Section 7 of Directive 060, 2020  details performance requirements such as conversion efficiency, smoke emissions, ignition, and stack design for flaring and venting. They apply to flares and incinerators—including portable equipment used for temporary operations—in all upstream oil and gas industry systems for combusting sweet, sour, and acid gas during activities that include well completion, servicing, and testing. The AER has adopted CASA’s objective hierarchy and decision-tree framework for managing solution gas volumes and extended its application of the hierarchy to include flaring, incineration, and venting. The goal is to eliminate routine flaring, incineration, and venting. The objective hierarchy ranges from eliminating routine flaring, incineration, and venting of unburned gases to reducing the volume of such gas and improving the efficiency of the related systems.

AER regulations on flaring, venting, and emissions cover pipeline and storage facilities. Most oil and gas produced in Alberta is exported to other provinces or the United States via pipelines. Occasionally, an imbalance between demand and supply, bottlenecks in pipelines, or permitting delays can affect upstream operations. In 2018, for example, western Canadian oil supply outgrew the export pipeline capacity, resulting in record crude price differentials. Alberta’s government mandated a production curtailment effective January 2019, later extended to December 31, 2020. Such a curtailment would likely reduce emissions from associated gas flaring but only temporarily.

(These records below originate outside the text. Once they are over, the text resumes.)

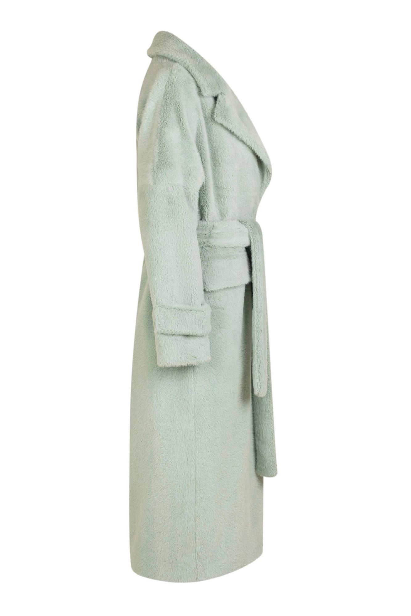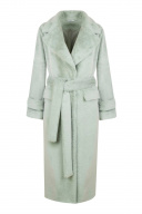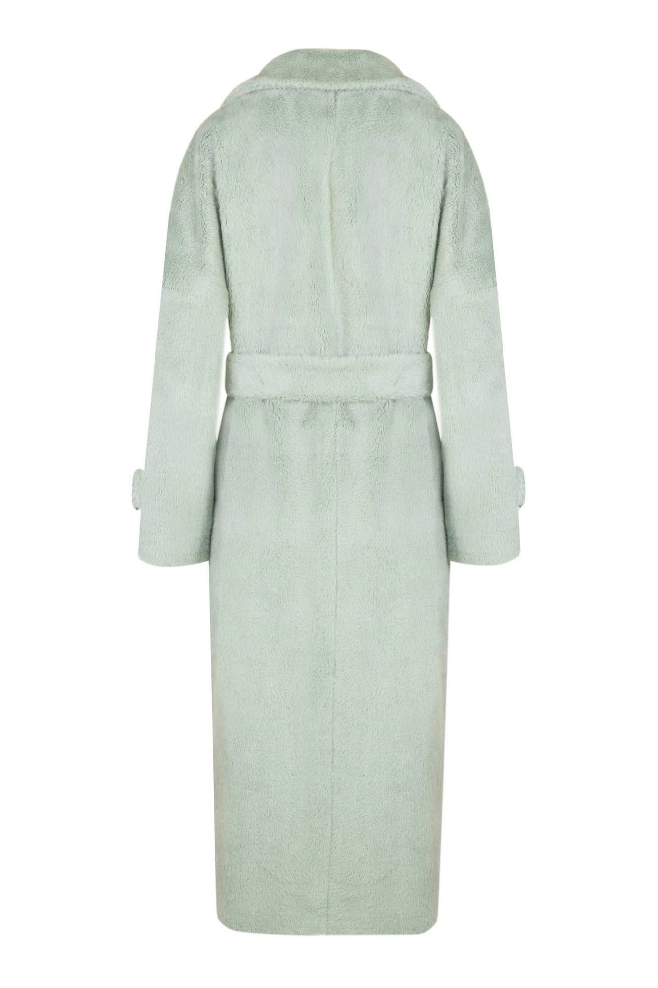 Пальто женское демисезонное, прямого силуэта, однобортное, длиной ниже колена, на подкладке. На переде карманы с клапаном, застежка на пришивные кнопки. Воротник и лацкана отложные. Рукава длинные с патами по низу. В комплекте пояс.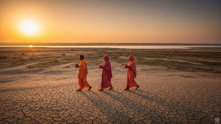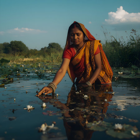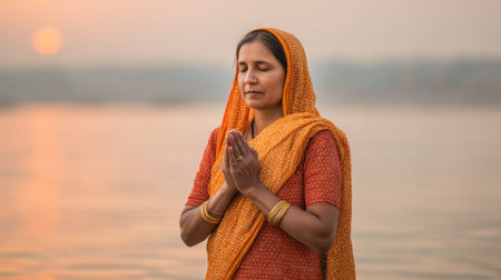 A serene moment of a woman in colorful traditional clothing praying by the river at sunrise. This image captures the essence of spirituality, peace, and devotion.
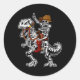 Sticker Rond Skeleton Rides Dinosaures Skeleton Cowboy Bone Hal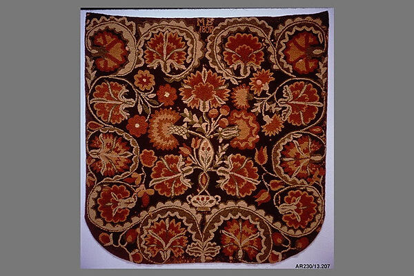 This bed rug is needleworked in looped running stitch, which has been cut to form a pile surface on the light brown/ochre woven wool base. The base is made of three panels of fabric, sewn together at their selvedges. The bed rug is decorated with a central pattern of branching flowers stemming from a single vase, along with a border of large flowers and twisting vines in shades of rust brown, light brown, yellow beige, and moss green with a black background.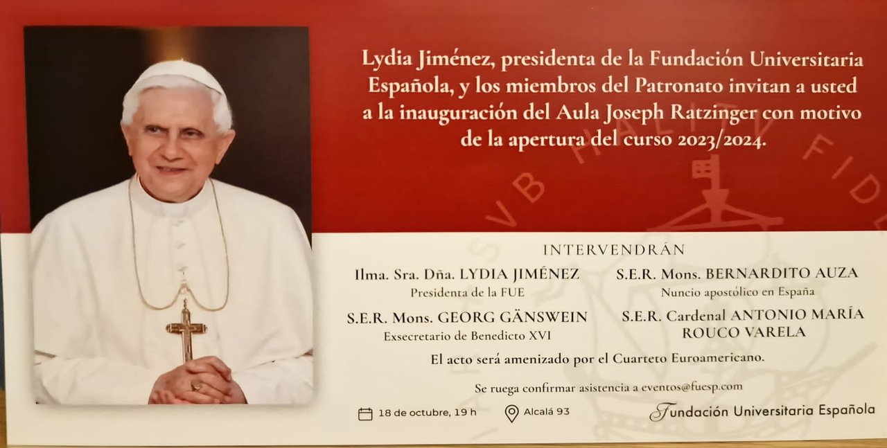 En el acto intervendrán la presidenta de la Fundación, Lydia Jiménez; el Nuncio Apostólico en España, Bernardito Cleopas Auza; el arzobispo emérito de Madrid, cardenal Rouco Varela; y el exsecretario de Benedicto XVI, el arzobispo Georg Gänswein que será el conferenciante.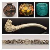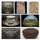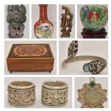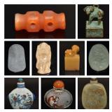 Welcome Home to CTBids! We put together an excellent selection of items for you! Start exploring and discover the deals for yourself! Bidding on ALL items starts at $1! Get ready for an exciting online auction! Bidding starts at just $1.00 on a stunning collection of unique items, including an Abstract Carved Soapstone Figural Sculpture, an Alaskan Inuit Carved Bone Billiken Figure, a 14K Yellow Gold 40 Carat Green Jadeite Buddha Pendant, an Antique Korean Celadon-Tone Crane-Themed Ceramic Teacup, an Asian Silver-Tone Brass Elephant-Form Trinket Box, an Aztec Carved Stone Bird Figure, a Blue & White Chinoiserie Porcelain Dish, a Chinese Blue & White Cinnabar-Style Figural Snuff Bottle with Nephrite Jade Top, and much more! Don't miss out on these rare treasures! Browse and bid on unique and everyday treasures at Loudoun.CTBids.com
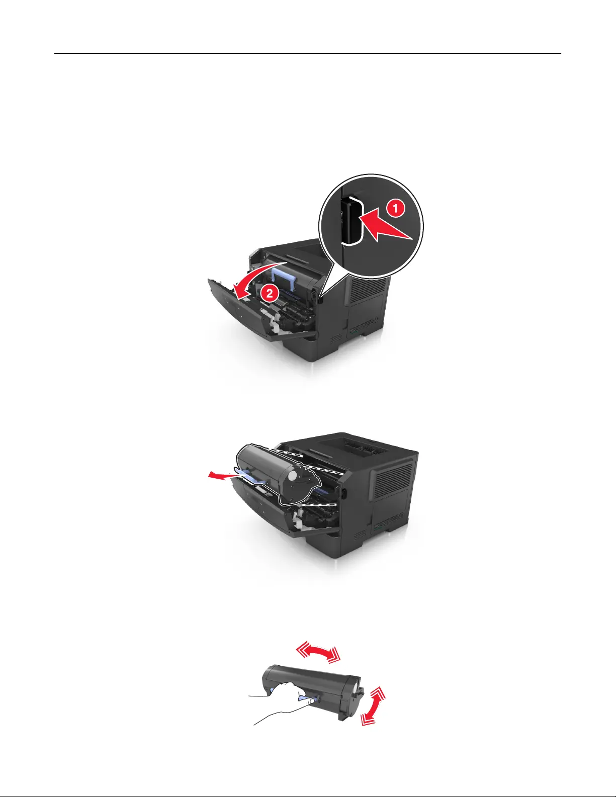 4 Shake the new cartridge to redistribute the toner.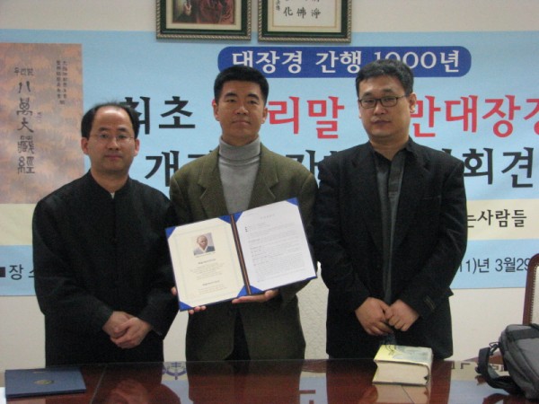 대한불교청년회는 초조대장경 간행 1천 년을 기념해 '우리말 팔만대장경' 개정판을 출간하기로 하고 29일 조계사 내 한국불교역사기념관에서 출판사 '모시는 사람들'과 출판 계약을 맺었다고 밝혔다.
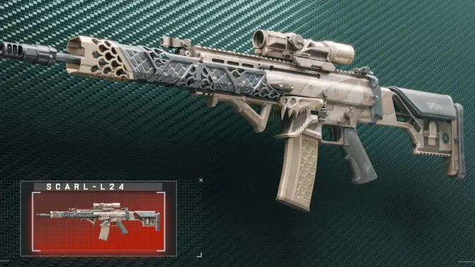 • SCAR-L “SCARL-L24”: Ein Skin mit markantem Schuppenmuster und Haifisch-Optik im Bereich des Magazinschachts.​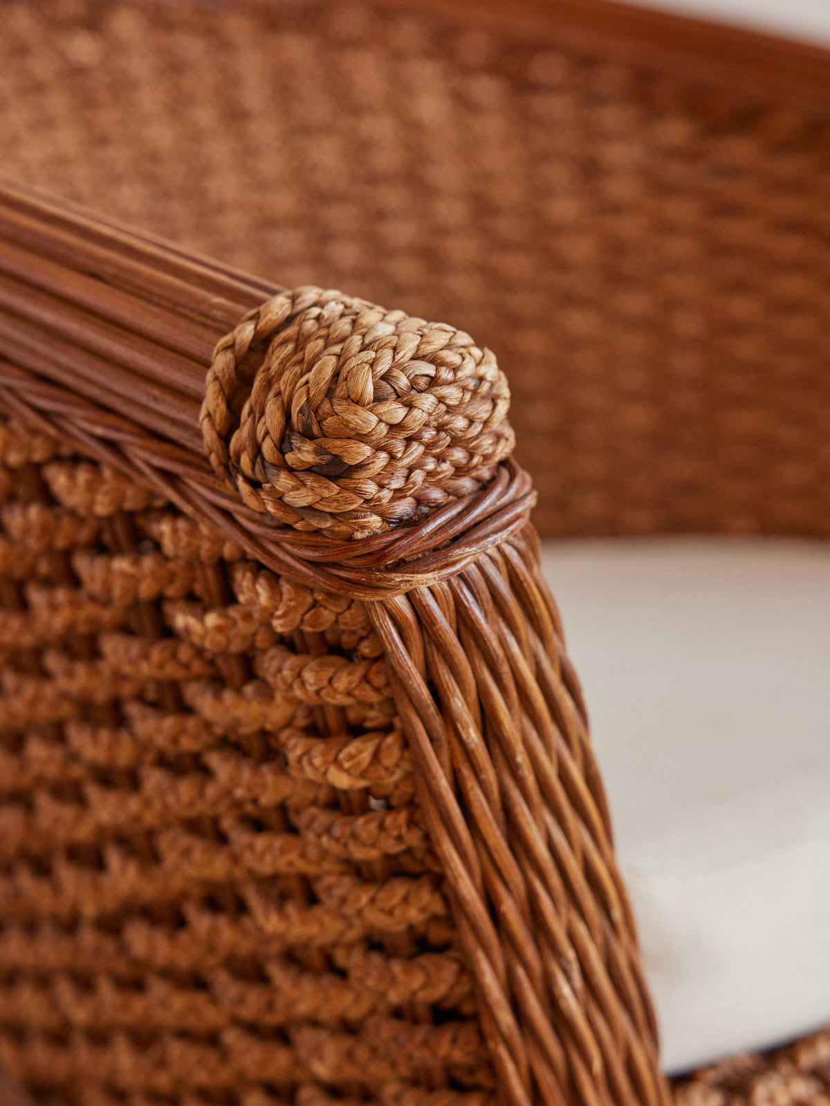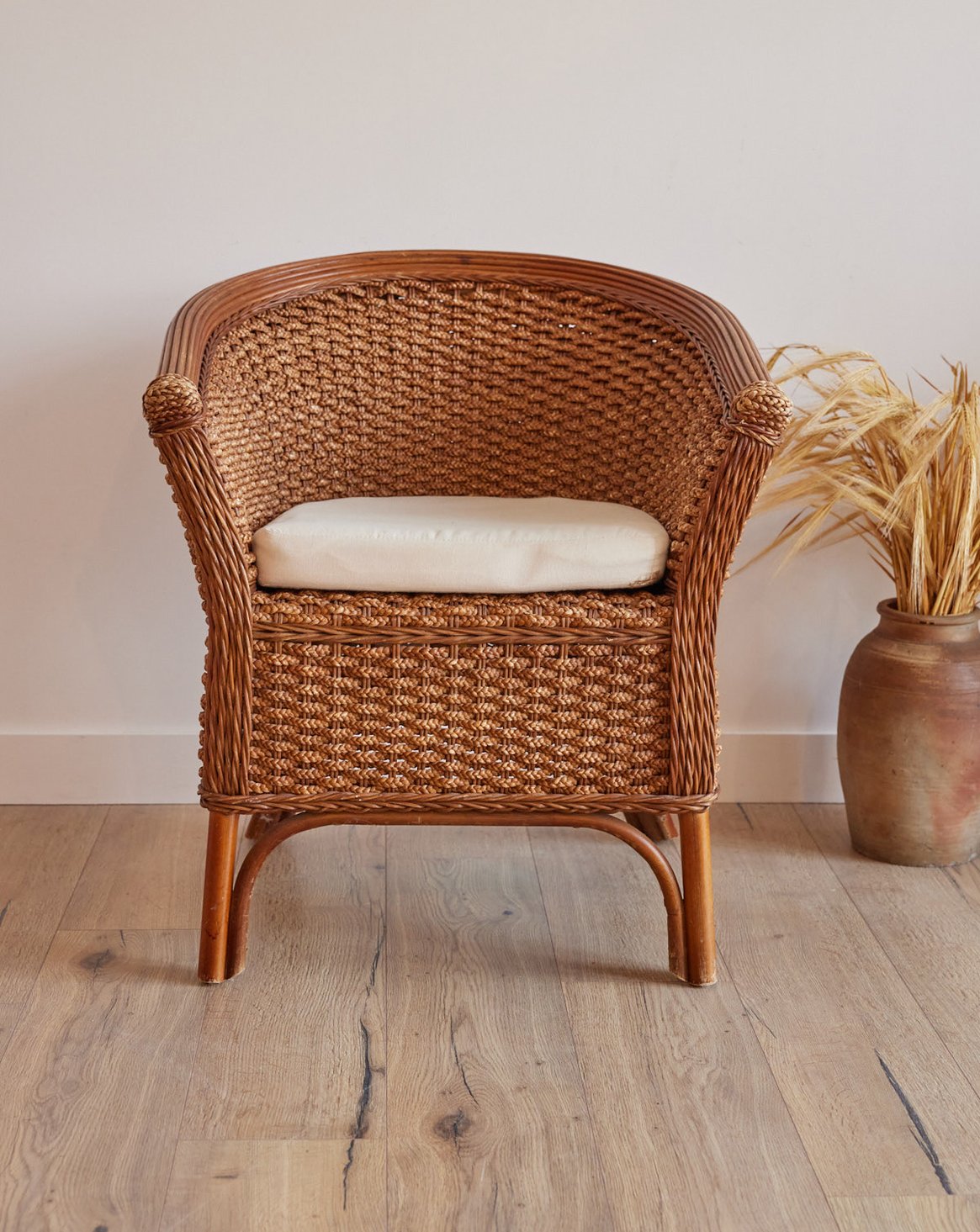 Adoptez ce fauteuil en osier tressé, à la forme arrondie qui invite à la détente et crée une silhouette légère dans la pièce. Le tressage naturel et la structure enveloppante offrent une assise confortable, idéale pour un coin lecture ou une pause tranquille dans le salon ou la véranda. Son allure artisanale apporte une note chaleureuse et authentique, parfaite pour une décoration bohème-chic ou contemporaine épurée.

British Columbia implemented the Carbon Tax Regulation, 2008, which was last amended in November 2022. The tax applies to the purchase and use of fossil fuels burned for transport, home heating, and electricity. It covers approximately 70 percent of provincial GHG emissions. The impact of the tax on consumers is compensated for by a reduction in personal and corporate income taxes by an approximately equal amount. The carbon tax increased gradually from Can$10 (about US$7.9 as of September 2021) per tCO2e in 2008 to Can$30 (about US$24 as of September 2021) per tCO2e in 2012, at which point the government froze the rate at Can$30 per tCO2e until other jurisdictions implemented similar carbon taxes. In 2018, the carbon tax was increased to Can$35 (about US$28) per tCO2e; in April 2019, it rose to Can$40 (about US$32 as of September 2021) per tCO2e, which for natural gas corresponds to Can$0.076 per m³. The updated regulation sets Can$50 per tCO2e for 2022 and beyond. The carbon taxes by fuel type are updated through 2026. The Ministry of Environment and Climate Change Strategy has been managing a carbon offset program since 2010. In the oil and gas sector, offset projects have reduced flaring or venting, typically by using gas for electricity generation.